Guido von Usedom (October 2, 1854February 24, 1925) was a German admiral that served in the Boxer Rebellion and World War I. His most notable service was in the Dardanelles Campaign.

Biography

Early Years

Guido came from the Pomeranian noble family Usedom and was the son of Lieutenant Kuno von Usedom (1804–1855). He joined the Imperial German Navy on May 31, 1871. After his training and his first tours of duty on board, he was given his first command. For a time he served as adjutant to Prince Henry of Prussia.

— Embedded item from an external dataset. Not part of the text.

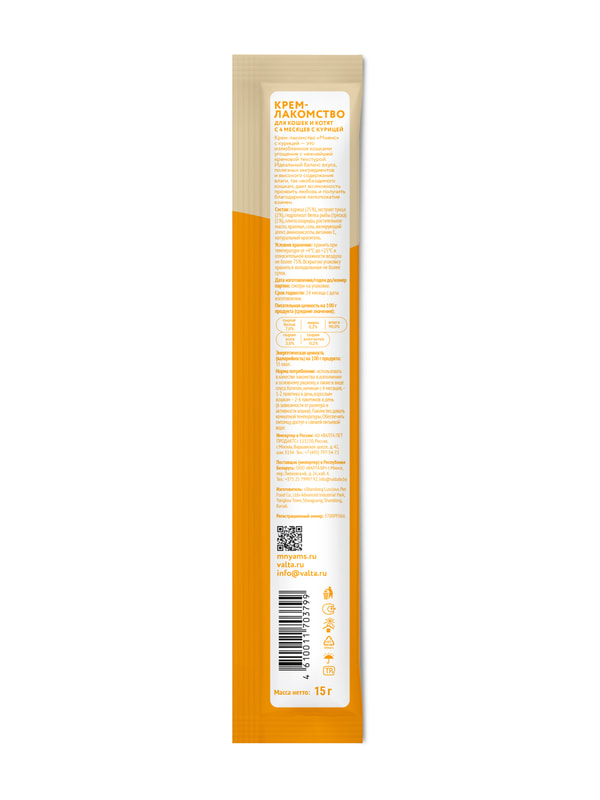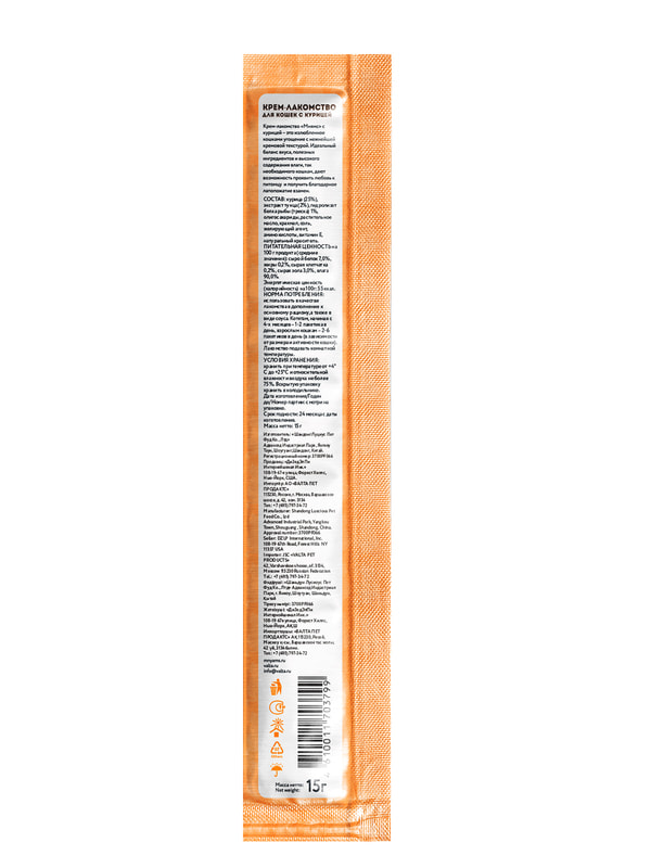 Крем-лакомство «Мнямс» с курицей – это изысканное угощение с нежнейшей кремовой консистенцией. Утонченный вкус приводит кошек в восторг, а яркие эмоции довольных любимцев при кормлении с рук дарят хозяевам ощущение полного счастья. Подается как порционное угощение, или добавляется в виде аппетитного соуса к основному рациону для обогащения вкуса привычных блюд. Изготовлено по новейшей японской технологии и соответствует мировым стандартам качества.

In October 1895, Usedom, with the rank of Korvettenkapitän (Lieutenant Commander), was in command of the aviso (dispatch vessel) SMS Pfeil until the end of the year, and from March 1896 he was in command of the aviso SMS Jagd for six months. From September 1896 to July 1898 he was in command of the coastal defence ship SMS Hagen and was made a Senior Korvettenkapitän during this time. He then took command of the large cruiser SMS Hertha, which had just been put into service, on which he was promoted to the new rank of Fregattenkapitän (Commander). He was eventually promoted to the rank of Kapitän zur See (Captain) on September 18, 1899.

The Boxer Rebellion

Usedom was deployed with Hertha in the Mediterranean and East Asia. At the beginning of the Boxer Rebellion, the commander of the East Asia Squadron, Vice Admiral Felix von Bendemann, ordered a landing corps to be formed from the crews of all German cruisers to help protect the European embassies in Beijing. Usedom became the leader of the entire German expeditionary force of around 500 men, which was subordinate to the British commander of the foreign armed forces involved, Vice Admiral Edward Seymour. Usedom simultaneously served as its Chief of Staff.

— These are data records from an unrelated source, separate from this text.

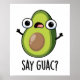 Say Guac Funny Aguacate Pun presenta un lindo aguacate diciendo "¿decir qué?". Perfecto regalo de Puns para la familia y amigos que aman los lindos juegos de guacamole.
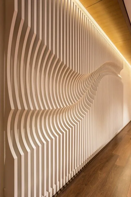 Formatio gewann die Ausschreibung zur Herstellung von mehr als 15 ungleichen Wandverkleidungen mit unregelmäßiger triangulierter Geometrie.
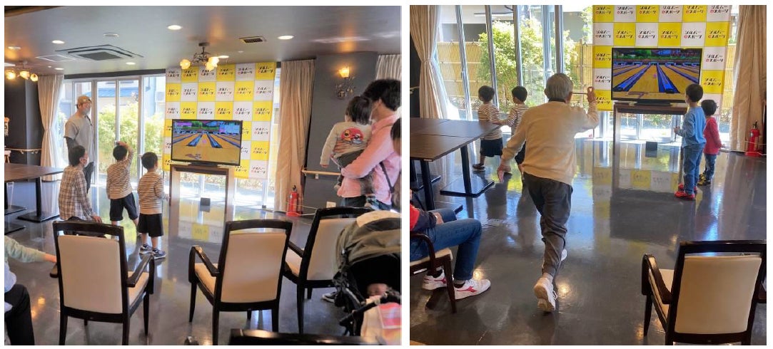 おもちゃの修理中、子供達は、隣のブースでTVゲームを使ったeスポーツを楽しみました。実際に体を動かして遊ぶボーリングゲームで、子供だけでなく、親子、お孫さんとの参加もありました。ストライクを出しては歓喜のハイタッチされる場面もあり、大変盛り上がりました。当高齢者住宅の90歳を超える入居者様もボーリングなら知っているとトライされ、楽しく交流されていました。eスポーツは、多世代で交流、シニア向けにはフレイル予防も期待でき、当社の高齢者住宅での利用を今後も推進していきます。

On June 10, 1900, the entire expeditionary force left Tanggu by rail for Beijing. The advance was stopped by Chinese troops and insurgents, so that the expeditionary force had to withdraw by land. The commander of the British landing corps, Captain John Jellicoe , who later became the commander of the Grand Fleet in the Battle of Jutland, was wounded. In this distressed situation, Seymour requested the use of the German troops under Usedom and is said to have spoken the historical phrase "The Germans to the Front".

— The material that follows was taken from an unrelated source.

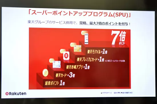 例えば、楽天が実施している「スーパーポイントアッププログラム(SPU)」は、楽天カードやアプリなどの使用状況に合わせて、ポイント還元率が増える制度。うまく活用すれば、最大7倍になる。
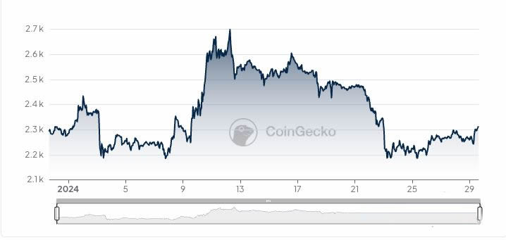 自美国批准现货比特币交易所交易基金(ETF)以来,投资者和交易员一直在密切关注以太坊的价格。比特币现货 ETF 批准后,以太坊创下了今年新高 2,720 美元,但很快就下跌并进入盘整阶段。

Due to his experience with the landing corps, Usedom was released from the leadership of Hertha in September 1900 and assigned to the staff of the commander-in-chief of the allied troops in China, which enforced the end of the uprising. Parallel to this task, he had already been formally appointed as wing adjutant to the emperor on July 21, 1900. On April 5, 1902, Usedom was awarded the Pour le Mérite for his achievements in China.

Before the First World War

In August 1902, Usedom took command of the imperial yacht SMY Hohenzollern, which he held until October 1904. He then became Inspector of the I. Marine Inspection and in this capacity was promoted to Rear Admiral on March 14, 1905. At the same time he was from September 1905 the deputy director, and from January 1906 director, of the Imperial Shipyard Kiel. On August 21, 1908 he was promoted to Vice Admiral and with his retirement at the end of 1910 was given the character of Admiral.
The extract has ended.